Le projet de Loi de Finances pour 2026 introduit une mesure qui pourrait transformer en profondeur le régime fiscal des Organismes de Placement Collectif en Capital (OPCC), largement utilisés dans le secteur du capital-investissement pour financer les petites et moyennes entreprises marocaines. «Le gouvernement affirme vouloir renforcer l’équité et la transparence, mais les professionnels du private equity redoutent une perte d’attractivité et un ralentissement des investissements», indique le magazine Finances News Hebdo.

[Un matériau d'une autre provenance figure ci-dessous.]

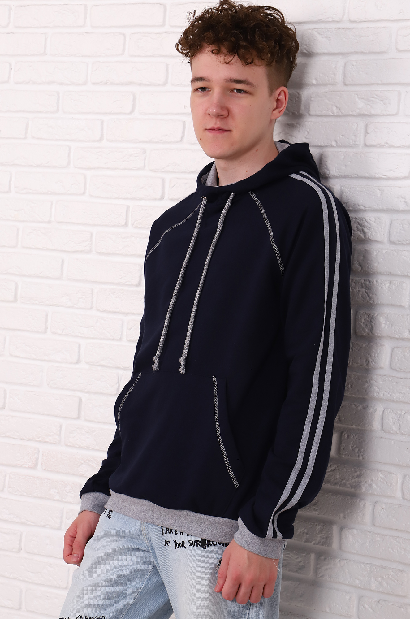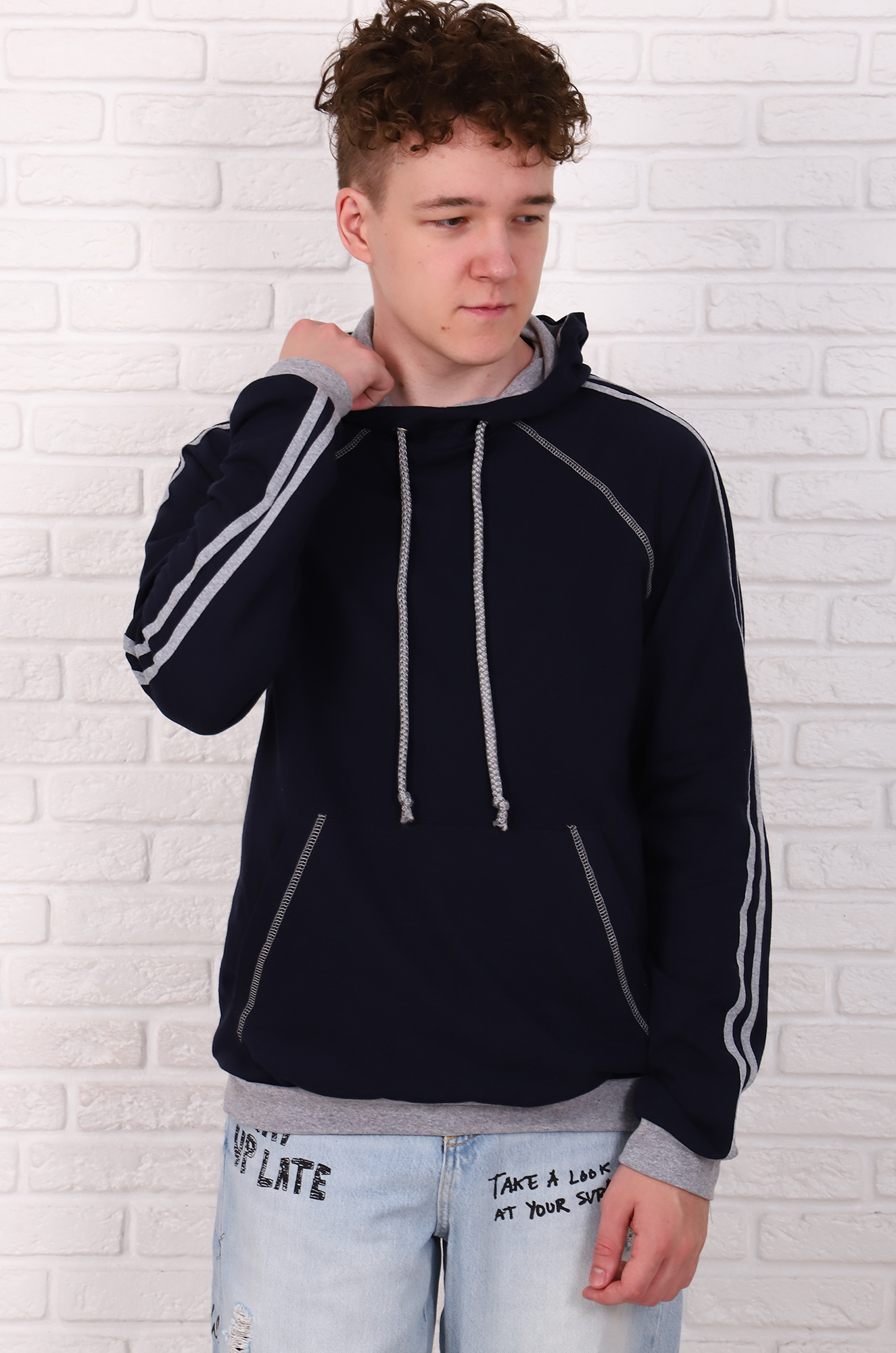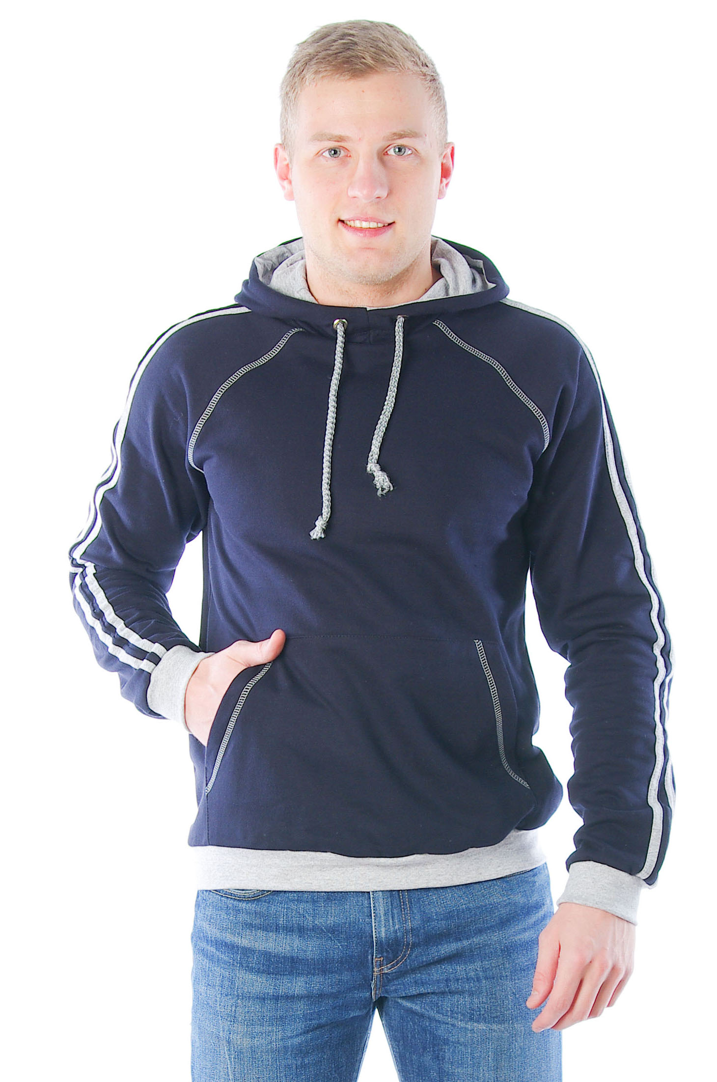 Удобная толстовка в спортивном стиле. Модель с контрастными лампасами на рукавах и карманом - "кенгуру". Двойной капюшон с подкладкой из кулирного полотна защитит от непогоды. Манжеты из эластичной рибаны, рукав - реглан.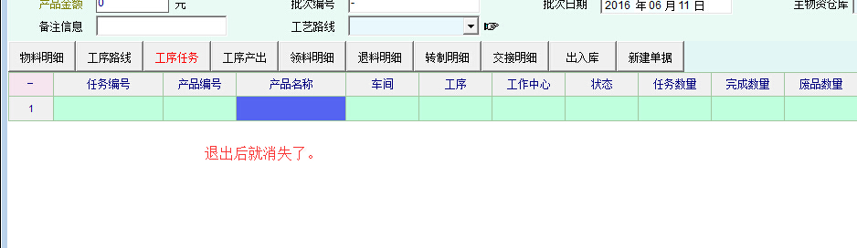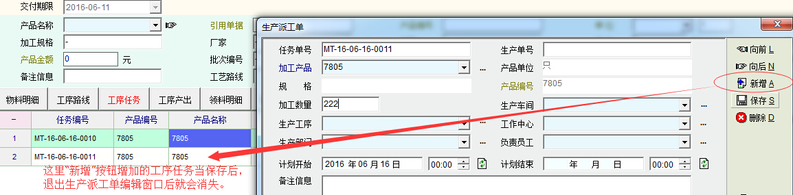 并没有删除任何单号。只要是在生产派工单窗口中点击新增按钮,填写相关内容保存后退出,原来在生产单中工序任务列表中出现的(刚刚新增的)生产派工单就不见了。

Depuis leur création, les OPCC bénéficient d’un régime de neutralité fiscale. Les fonds ne sont pas imposés sur leurs gains, la taxation intervenant uniquement entre les mains des investisseurs lors de la distribution des revenus. Ce mécanisme avait été conçu pour éviter la double imposition et favoriser le financement des entreprises non cotées. Le ministère des Finances considère cependant que cette architecture a créé certaines situations inéquitables, notamment lorsque des plus-values non imposables étaient redistribuées sous forme de dividendes exonérés, permettant ainsi à certains revenus d’échapper complètement à l’impôt, explique Finances News.
Le projet de réforme prévoit donc que les revenus distribués par les OPCC soient désormais imposés en fonction de leur nature économique réelle: dividendes, intérêts ou plus-values. Les investisseurs seraient ainsi taxés comme s’ils détenaient directement les actifs sous-jacents du fonds. Pour les autorités, cette disposition permet d’aligner le système marocain sur les standards internationaux et d’assurer une meilleure cohérence fiscale. Sur le principe, la neutralité fiscale n’est pas remise en cause, mais sa mise en œuvre serait redéfinie.

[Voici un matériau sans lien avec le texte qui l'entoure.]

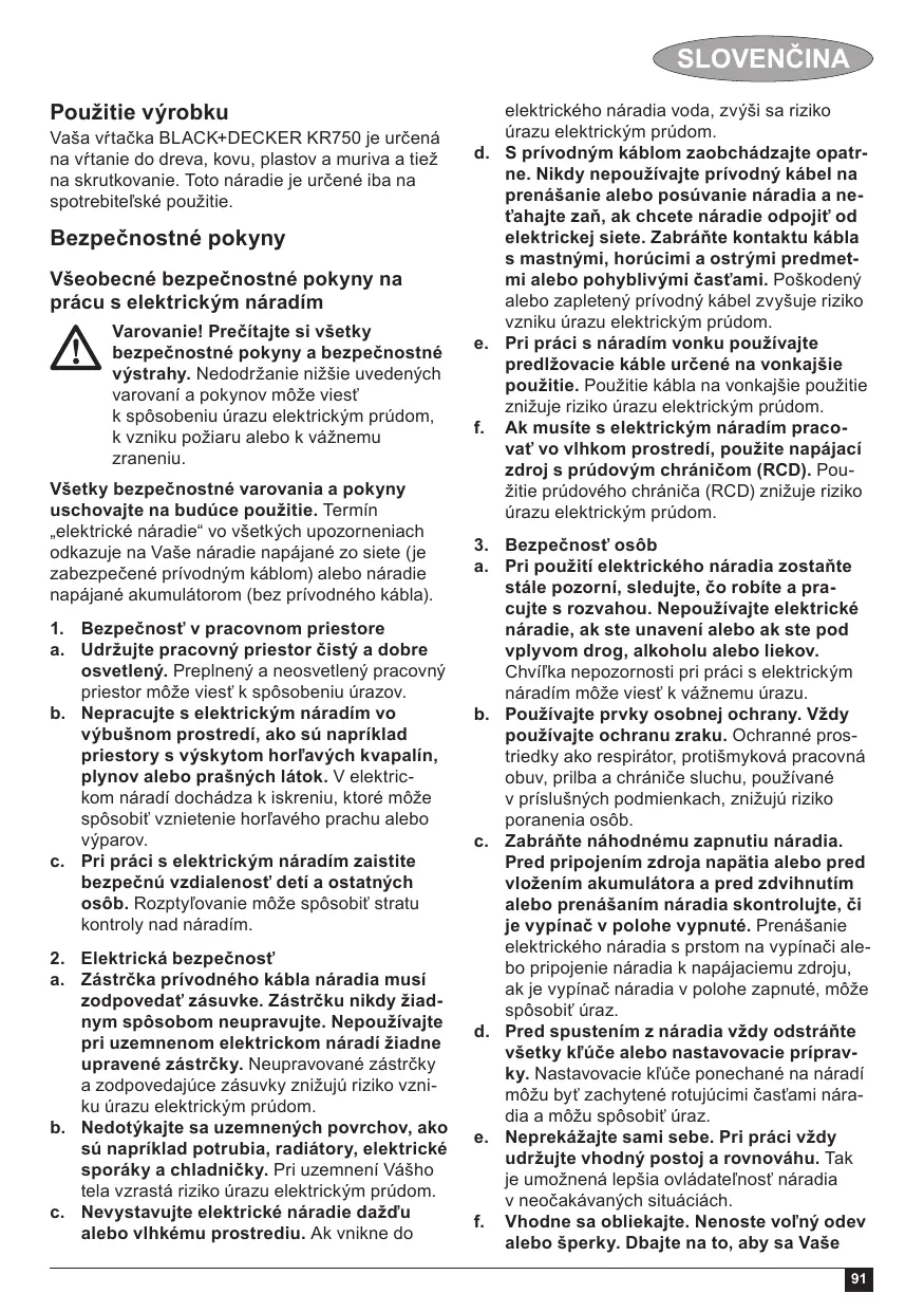 SLOVENČINA Použitie výrobku Vaša vŕtačka BLACK+DECKER KR750 je určená na vŕtanie do dreva, kovu, plastov a muriva a tiež na skrutkovanie. Toto náradie je určené iba na spotrebiteľské použitie.

«Cette évolution suscite néanmoins de fortes inquiétudes dans l’industrie du capital-investissement. Plusieurs gestionnaires de fonds redoutent une hausse de la complexité administrative, liée à la nécessité de catégoriser précisément chaque type de revenu», souligne Finances News Hebdo. D’autres anticipent un risque de baisse de la rentabilité nette pour les investisseurs, en particulier étrangers, ce qui pourrait détourner une partie des capitaux vers des juridictions plus compétitives. Selon un gestionnaire interrogé, la réforme pourrait «casser la dynamique du financement des PME marocaines au moment où le marché du private equity commençait à prendre son envol». Un directeur de société de gestion à Casablanca estime pour sa part que «même justifiée sur le fond, une modification fiscale peut créer un choc de confiance si elle n’est pas accompagnée de règles claires et stables».
Le ministère des Finances défend une approche équilibrée et insiste sur le fait que «chaque produit doit être imposé pour ce qu’il est, et non selon la forme qu’il prend à la sortie du fonds». La réforme s’inscrit dans la continuité de la loi-cadre 69-19, qui vise à refonder la fiscalité marocaine autour des principes d’équité, de clarté et de transparence, tout en réduisant certaines marges d’optimisation jugées excessives.
Les conséquences concrètes dépendront toutefois des modalités d’application. La nouvelle logique fiscale pourrait modifier la visibilité des investisseurs sur les rendements nets et complexifier leur planification. Les sociétés de gestion devront adapter leurs processus comptables et leurs outils de reporting, ce qui pourrait ralentir temporairement les levées de fonds. Les entreprises financées par les OPCC risquent également de ressentir cet impact, dans la mesure où une diminution de l’attractivité des fonds pourrait réduire les capitaux disponibles pour les PME et les ETI non cotées.
Plusieurs questions restent en suspens, notamment en ce qui concerne le calendrier d’entrée en vigueur et la possibilité d’un régime transitoire. Les opérateurs souhaitent savoir si les fonds existants seront soumis aux nouvelles règles au même titre que ceux qui seront créés après 2026. «Ces clarifications seront cruciales pour mesurer l’impact réel de la réforme et préserver la confiance du marché», conclut Finances News.